Business aviation company with operations in California and New York state

TWC Aviation, Inc. was an international business aviation company with operations centers at San Jose International Airport, in San Jose, California, Van Nuys Airport in Los Angeles, and Westchester County Airport, in White Plains, New York. It was a subsidiary Landmark Aviation.

==History==
TWC Aviation was founded in Las Vegas, Nevada, in February 1998, by Andrew M. Lessman, owner of vitamin manufacturer ProCaps Laboratories. TWC Aviation began operations with a Hawker 800 business jet based at McCarran International Airport. Adding aircraft management and aircraft sales services, TWC Aviation relocated in 2001 to Bob Hope Airport in Burbank, California. The move positioned the company in the lucrative Greater Los Angeles market, serving clients throughout Southern California. In 2002, TWC Aviation acquired Corporate Aircraft Technical Services, an FAA Part 145 Repair Station. This enabled the company to offer FAA-certified aircraft maintenance and repair services. By 2008, TWC Aviation was serving charter and management clients nationwide, and had outgrown the Burbank facility. The company moved to a new custom-built operations center and hangar complex at Van Nuys Airport in Los Angeles, one of the world's busiest commercial aviation airports.

==Acquisition==
In 2010, TWC Aviation acquired ACM Aviation Services, an aircraft management and charter company founded in 1981 by Mike Markkula, the entrepreneur and investor who helped launch Apple Computer. This acquisition effectively doubled the size of the company, and added operations centers in San Jose, California, and White Plains, New York.
In April 2015 TWC was purchased by Landmark Aviation and became a wholly owned subsidiary of Landmark.

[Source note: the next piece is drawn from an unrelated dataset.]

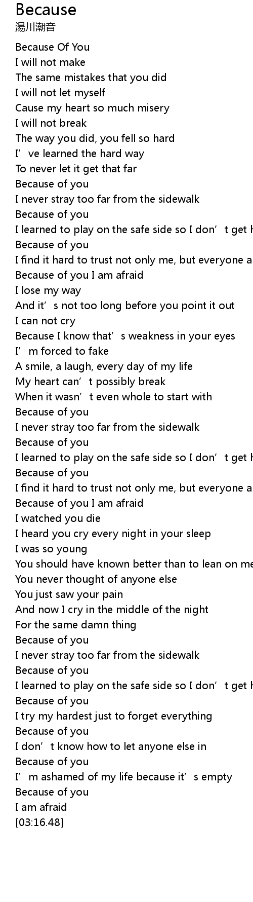 | [00:48.67] | Because of you |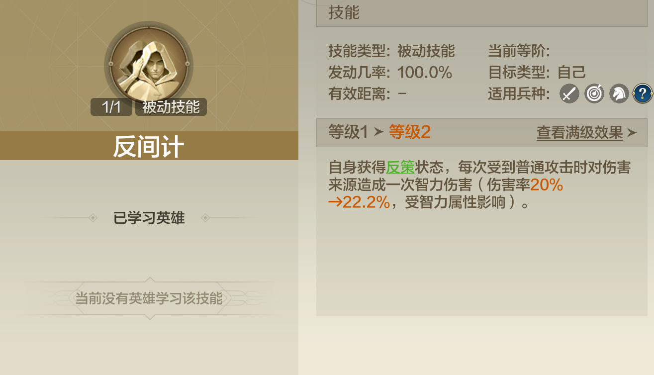 技能描述:自身获得反策效果,每次受到普通攻击时对伤害来源造成一次智力伤害(伤害率40%,受智力属性影响)。

TWC Aviation has recently expanded into the increasingly affluent Asian market, particularly the Greater China Region, comprising Hong Kong, Macau, Taiwan and mainland China. In March 2012, the company announced a strategic alliance with Hong Kong-based Sino Jet Management Limited. Under the terms of the agreement, TWC Aviation is the exclusive operator for Sino Jet's charter services throughout the Asia-Pacific region, and Sino Jet is TWC Aviation's exclusive marketing agent in Asia.

Sino Jet fleet
| Aircraft | In service | Orders | Passengers | Notes |
|---|---|---|---|---|
| Airbus ACJ319neo | 1 | — | VIP |  |
| Boeing 737-700BBJ | 1 | — | VIP |  |
| Embraer Legacy 650 | 3 | — | VIP |  |
| Total | 5 | — |  |  |

TWC Aviation ranked 3,668 on the 2011 “Inc. 5000” list of America's fastest growing companies (Inc. Magazine, August 2011), and was named the 35th Fastest Growing Private Company in Los Angeles by the Los Angeles Business Journal (November 2011). In 2011, TWC Aviation earned an NBAA Commercial Business Flying Safety Award from the National Business Aviation Association for 26,838 accident-free hours over 11 years.